(Beginning of Information)
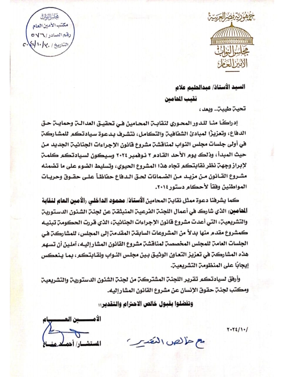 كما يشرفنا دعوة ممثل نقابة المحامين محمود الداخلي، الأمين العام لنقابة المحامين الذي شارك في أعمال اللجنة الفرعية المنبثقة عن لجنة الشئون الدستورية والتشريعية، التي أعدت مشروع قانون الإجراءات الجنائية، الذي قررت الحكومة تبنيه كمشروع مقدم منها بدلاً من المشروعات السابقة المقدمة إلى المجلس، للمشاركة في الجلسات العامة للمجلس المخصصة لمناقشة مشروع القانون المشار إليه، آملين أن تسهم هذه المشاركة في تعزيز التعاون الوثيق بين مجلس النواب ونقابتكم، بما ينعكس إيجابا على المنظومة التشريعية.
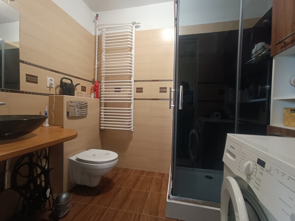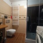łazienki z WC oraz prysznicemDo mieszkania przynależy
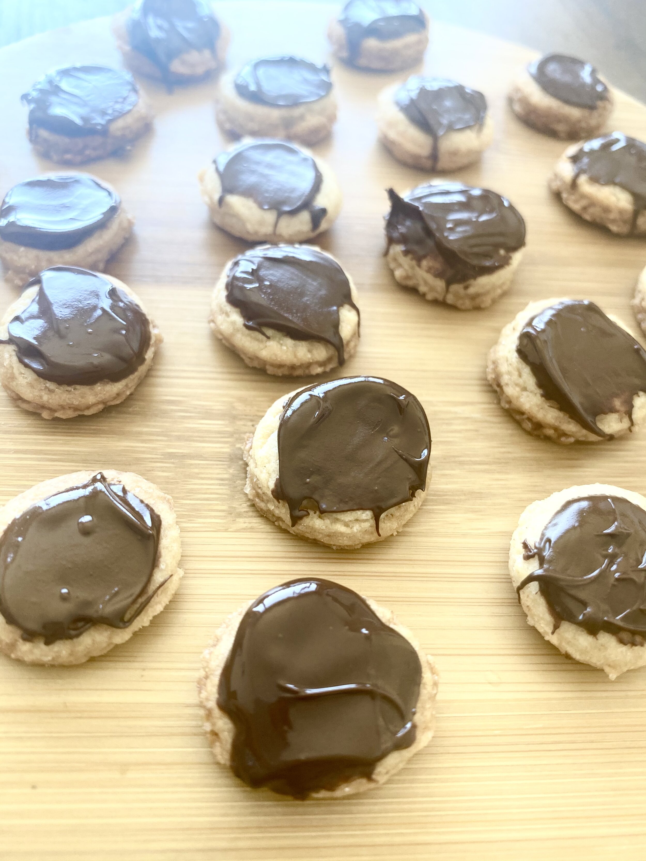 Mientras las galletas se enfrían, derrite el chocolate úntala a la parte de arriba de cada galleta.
(End of Information)
(Beginning of Information)
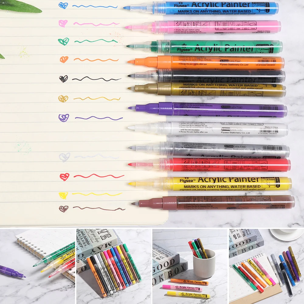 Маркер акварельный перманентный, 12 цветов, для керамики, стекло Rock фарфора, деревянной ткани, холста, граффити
(End of Information)
- _How to complete this task_:
Look above for the line with "كما يشرفنا دعوة"; quote it and every line after it, stopping after the line with "Mientras las galletas", exactly, with nothing added and without pictures.

- _Output for this task_:
 كما يشرفنا دعوة ممثل نقابة المحامين محمود الداخلي، الأمين العام لنقابة المحامين الذي شارك في أعمال اللجنة الفرعية المنبثقة عن لجنة الشئون الدستورية والتشريعية، التي أعدت مشروع قانون الإجراءات الجنائية، الذي قررت الحكومة تبنيه كمشروع مقدم منها بدلاً من المشروعات السابقة المقدمة إلى المجلس، للمشاركة في الجلسات العامة للمجلس المخصصة لمناقشة مشروع القانون المشار إليه، آملين أن تسهم هذه المشاركة في تعزيز التعاون الوثيق بين مجلس النواب ونقابتكم، بما ينعكس إيجابا على المنظومة التشريعية.
łazienki z WC oraz prysznicemDo mieszkania przynależy
 Mientras las galletas se enfrían, derrite el chocolate úntala a la parte de arriba de cada galleta.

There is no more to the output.